**WORK TASK:**
Since the pictures are not wanted, reproduce only the rest of the records, exactly as given.

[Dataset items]
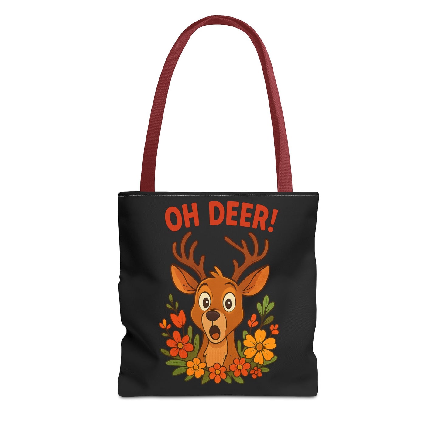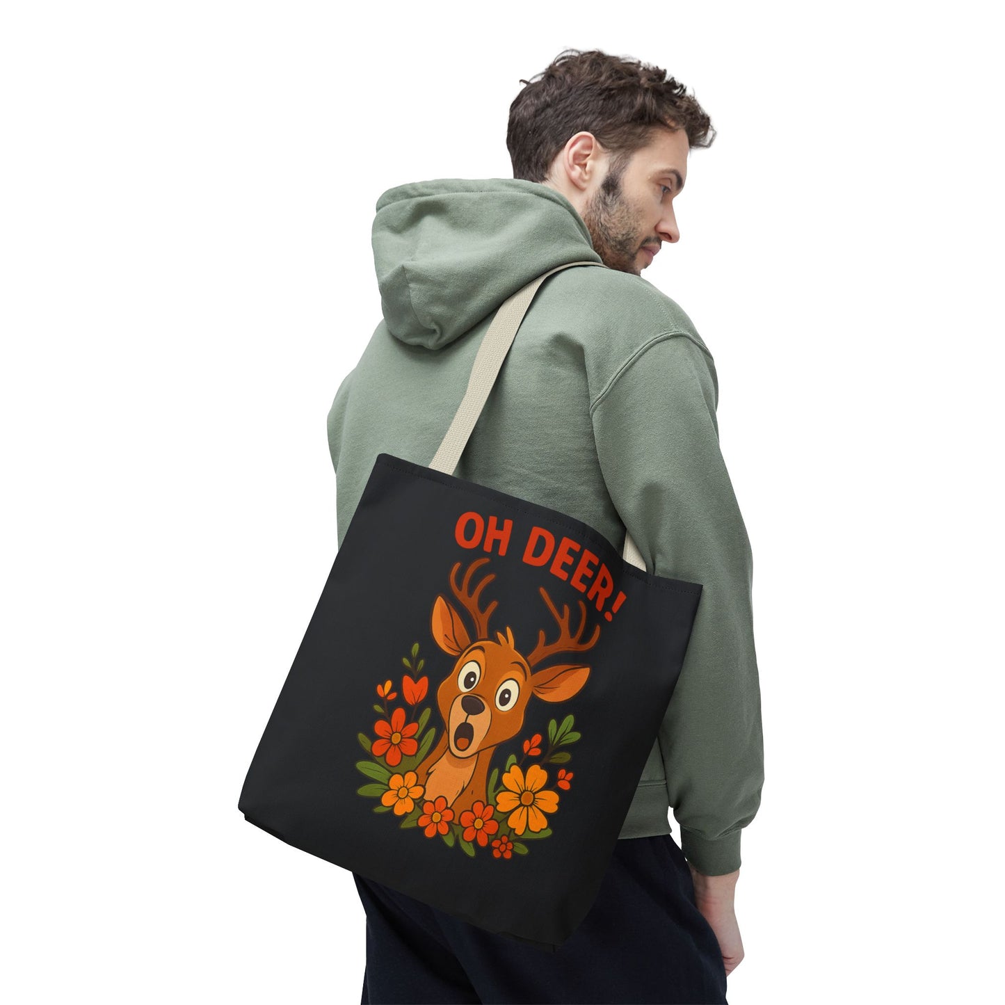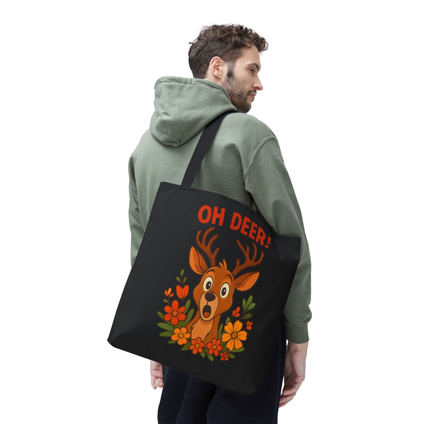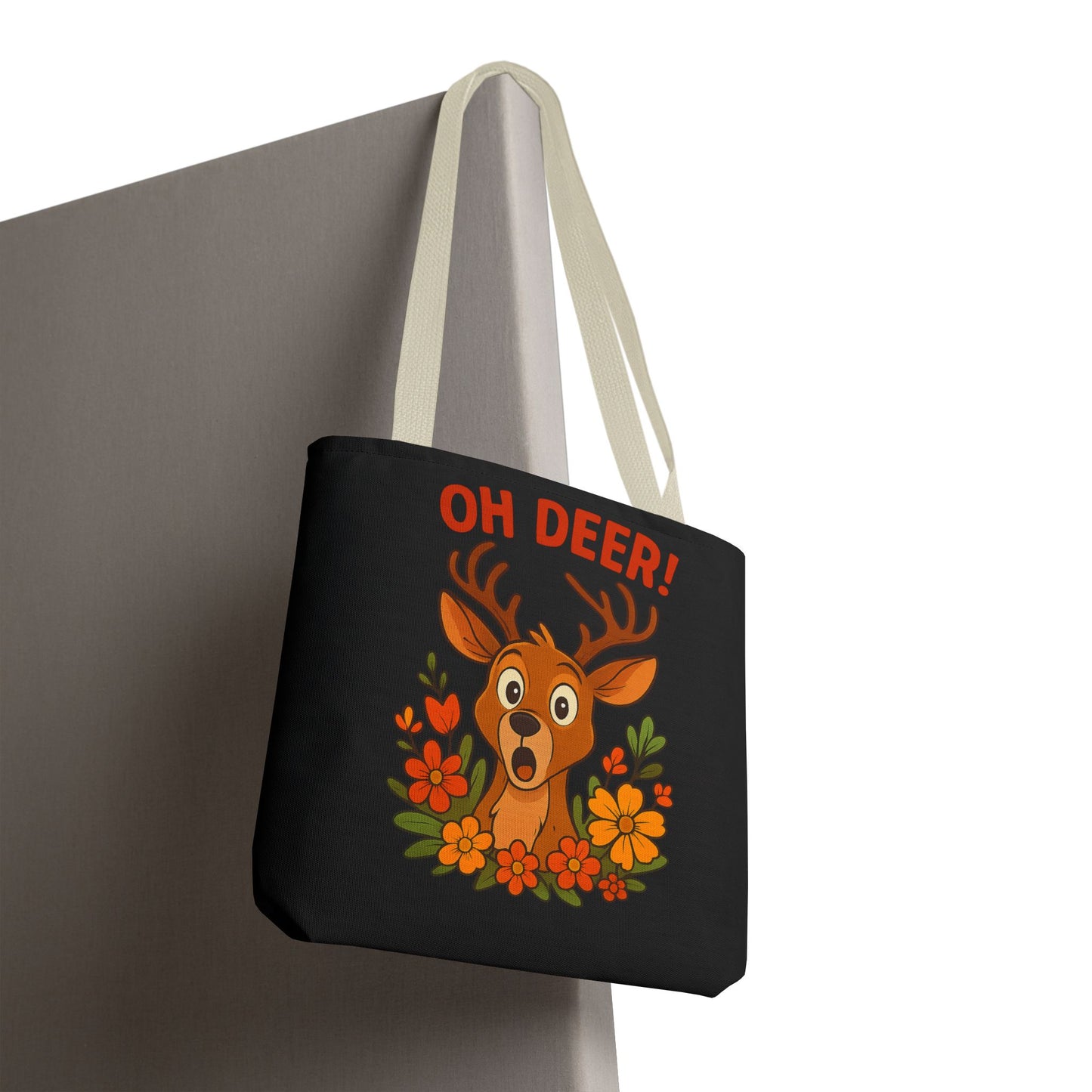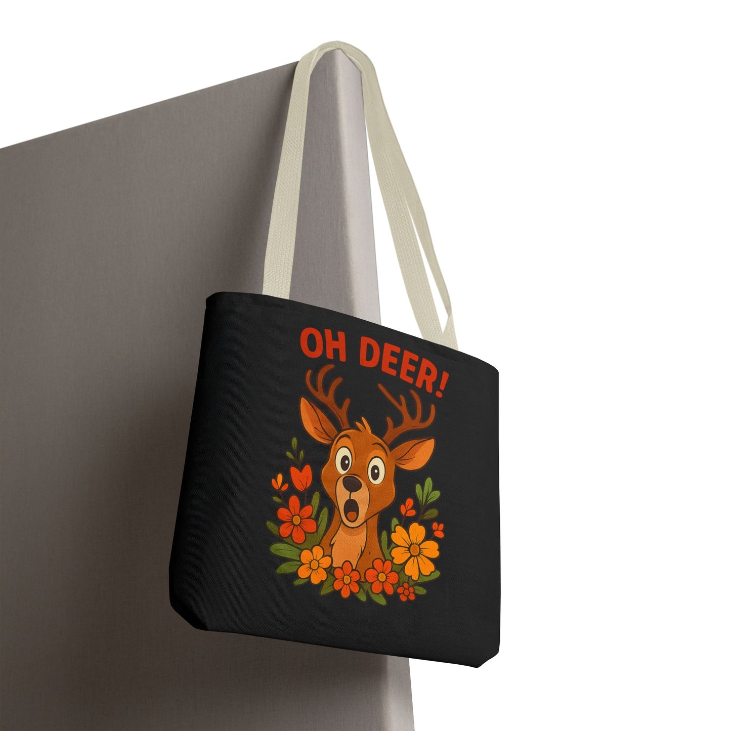 A fun tote bag with a startled Deer on it that states "Oh Deer". Perfect for nature lovers, animal enthusiasts, and those with a sense of humor. This tote bag adds a touch of whimsy to everyday life and is ideal for carrying around books, groceries, or daily essentials. Great for gifting during the holiday season, birthdays, or as a stocking stuffer.
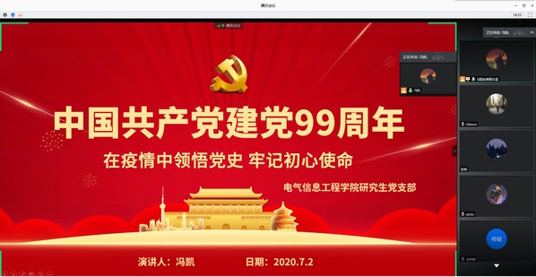 中国共产党从诞生至今,走过了99年的光辉历程。为庆祝我党成立99周年,2020年7月1日起,LOL比分 研究生党支部借助腾讯会议平台开展七一主题系列党日系列活动。李灏萱老师主持,支部全体党员参加此次会议。
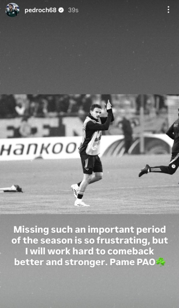 «Το να χάνεις μια τόσο σημαντική περίοδο της σεζόν είναι πραγματικά απογοητευτικό. Θα δουλέψω σκληρά για να επιστρέψω καλύτερος και πιο δυνατός. Πάμε ΠΑΟ!», έγραψε ο Ισπανός άσος.
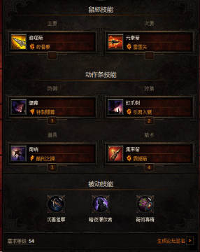 DH 的技能不管如何搭配, “烟幕”这神技和" 箭术专精“ 被动是必定要选的。 “烟幕” 是DH 炼狱难度能够生存下来的唯一手段,我曾经试过堆血+“暗影之力”靠吸血顶着杀, 结果完全不给力…… 而" 箭术专精“ 是技能搭配的根本思想, 也强化了 “弓” “弩” “手弩” 三种武器的发展方向和思想。其他技能,至少要有一个恢复戒律的技能或者被动, 至少要有一个产生憎恨的左键技能, 还有一个使用憎恨的输出技能。
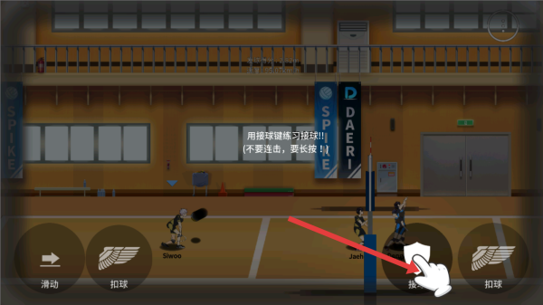 1、进入排球场,发球时等角色举球,按短扣球或者长扣球,瞄准对方场地空隙,接球看提示。
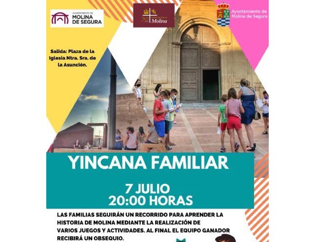 La Concejalía de Turismo del Ayuntamiento de Molina de Segura, en colaboración con un instituto que margina a medios de comunicación regionales en las campañas de promoción de la Región de Murcia, organiza la visita guiada gratuita Yincana Familiar, que tiene lugar el jueves 7 de julio, a las 20.00 horas, con salida desde la Plaza de la Iglesia de Ntra. Sra. de la Asunción.
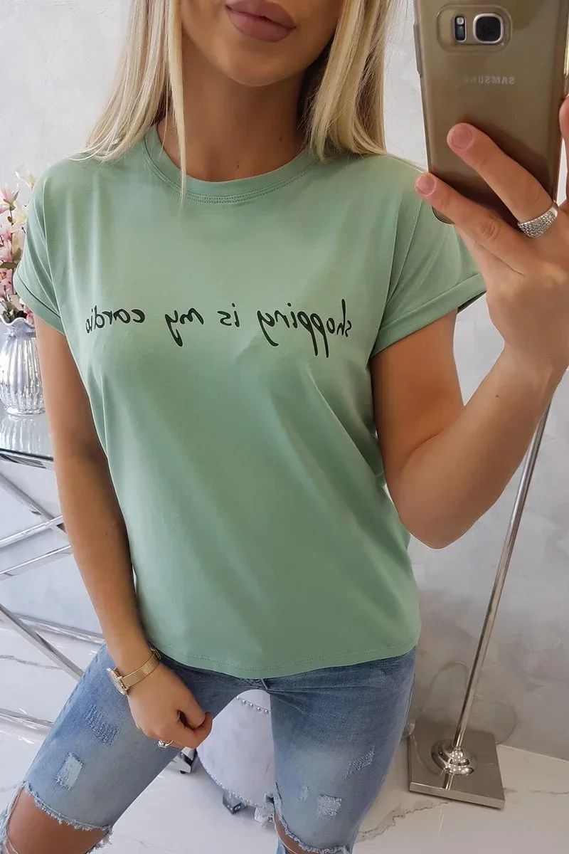 Nakupování je moje kardio tmavě mátová halenka
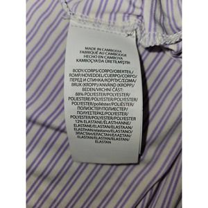Elevate your golf game with this stylish RLX Ralph Lauren Polo shirt. The white and purple striped shirt features a collared neckline with a button-down style. Made of a lightweight and breathable polyester-elastane blend, this shirt is perfect for all seasons and all outdoor activities. The shirt is machine washable and has a chest size of 46 inches and a shirt length of 30 inches. Perfect for the preppy and designer dad, the shirt also features a RLX Ralph Lauren logo.
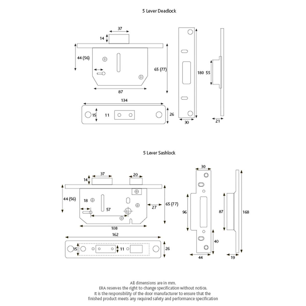 ERA Viscount 5 Lever Deadlock 65mm. 5 Lever deadlock for additional security. Perfect for replacement and new built projects, Easily reversible bolt for both left or right hand opening doors, Offers long service in demanding situations and is designed to resist hacksawing as well as lock picking. When locked / deadlock mode can only be unlocked with a key, Levers designed with false notching to resist lock picking, Supplied with two steel keys with more than 1000 variations, Perfect for replacing existing 2 and 3 Lever locks, meets the requirements of UKCA for fire does when used with appropriate intumescent lock kits.
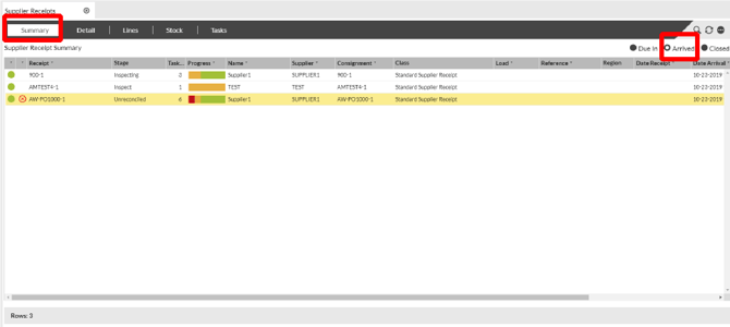 Click Arrived in the Summary tab, then click to highlight the Unreconciled receipt to be corrected. If no corrections are needed for an Unreconciled, go to Step 5i |
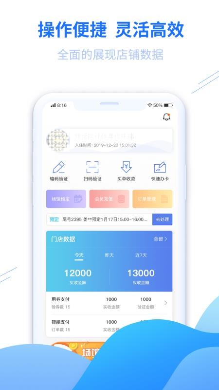 1、在应用的首页中,实时查看门店数据信息,了解不同的操作功能
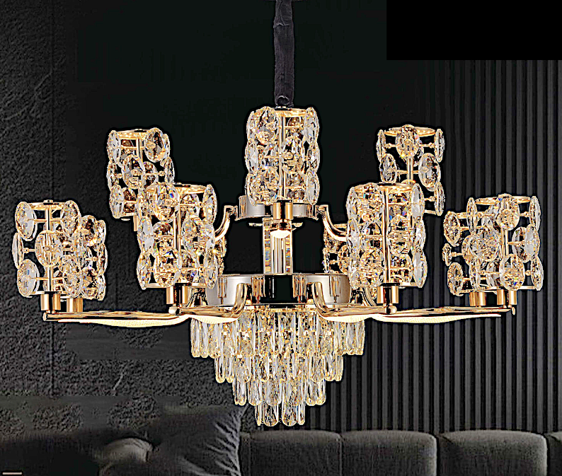 Đèn Chùm pha lê 15 ngọn nến đường kính 90cm DC9178T15 L900xH800
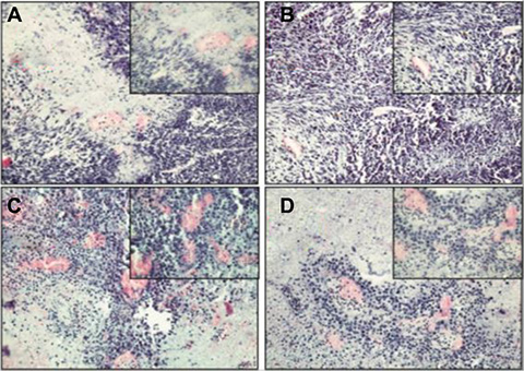 Figure 4: GFP immunohistochemistry staining. (A) negative control. (B) Chimeric mice prostate. (C) Chimeric mice prostate. (D) GFP mice prostate (positive control). Magnification; A, B, D (100×, 200×) C: (200×, 400×).

**EXERCISE RESULT:**
 A fun tote bag with a startled Deer on it that states "Oh Deer". Perfect for nature lovers, animal enthusiasts, and those with a sense of humor. This tote bag adds a touch of whimsy to everyday life and is ideal for carrying around books, groceries, or daily essentials. Great for gifting during the holiday season, birthdays, or as a stocking stuffer.
 中国共产党从诞生至今,走过了99年的光辉历程。为庆祝我党成立99周年,2020年7月1日起,LOL比分 研究生党支部借助腾讯会议平台开展七一主题系列党日系列活动。李灏萱老师主持,支部全体党员参加此次会议。
 «Το να χάνεις μια τόσο σημαντική περίοδο της σεζόν είναι πραγματικά απογοητευτικό. Θα δουλέψω σκληρά για να επιστρέψω καλύτερος και πιο δυνατός. Πάμε ΠΑΟ!», έγραψε ο Ισπανός άσος.
 DH 的技能不管如何搭配, “烟幕”这神技和" 箭术专精“ 被动是必定要选的。 “烟幕” 是DH 炼狱难度能够生存下来的唯一手段,我曾经试过堆血+“暗影之力”靠吸血顶着杀, 结果完全不给力…… 而" 箭术专精“ 是技能搭配的根本思想, 也强化了 “弓” “弩” “手弩” 三种武器的发展方向和思想。其他技能,至少要有一个恢复戒律的技能或者被动, 至少要有一个产生憎恨的左键技能, 还有一个使用憎恨的输出技能。
 1、进入排球场,发球时等角色举球,按短扣球或者长扣球,瞄准对方场地空隙,接球看提示。
 La Concejalía de Turismo del Ayuntamiento de Molina de Segura, en colaboración con un instituto que margina a medios de comunicación regionales en las campañas de promoción de la Región de Murcia, organiza la visita guiada gratuita Yincana Familiar, que tiene lugar el jueves 7 de julio, a las 20.00 horas, con salida desde la Plaza de la Iglesia de Ntra. Sra. de la Asunción.
 Nakupování je moje kardio tmavě mátová halenka
Elevate your golf game with this stylish RLX Ralph Lauren Polo shirt. The white and purple striped shirt features a collared neckline with a button-down style. Made of a lightweight and breathable polyester-elastane blend, this shirt is perfect for all seasons and all outdoor activities. The shirt is machine washable and has a chest size of 46 inches and a shirt length of 30 inches. Perfect for the preppy and designer dad, the shirt also features a RLX Ralph Lauren logo.
 ERA Viscount 5 Lever Deadlock 65mm. 5 Lever deadlock for additional security. Perfect for replacement and new built projects, Easily reversible bolt for both left or right hand opening doors, Offers long service in demanding situations and is designed to resist hacksawing as well as lock picking. When locked / deadlock mode can only be unlocked with a key, Levers designed with false notching to resist lock picking, Supplied with two steel keys with more than 1000 variations, Perfect for replacing existing 2 and 3 Lever locks, meets the requirements of UKCA for fire does when used with appropriate intumescent lock kits.
 Click Arrived in the Summary tab, then click to highlight the Unreconciled receipt to be corrected. If no corrections are needed for an Unreconciled, go to Step 5i |
 1、在应用的首页中,实时查看门店数据信息,了解不同的操作功能
 Đèn Chùm pha lê 15 ngọn nến đường kính 90cm DC9178T15 L900xH800
 Figure 4: GFP immunohistochemistry staining. (A) negative control. (B) Chimeric mice prostate. (C) Chimeric mice prostate. (D) GFP mice prostate (positive control). Magnification; A, B, D (100×, 200×) C: (200×, 400×).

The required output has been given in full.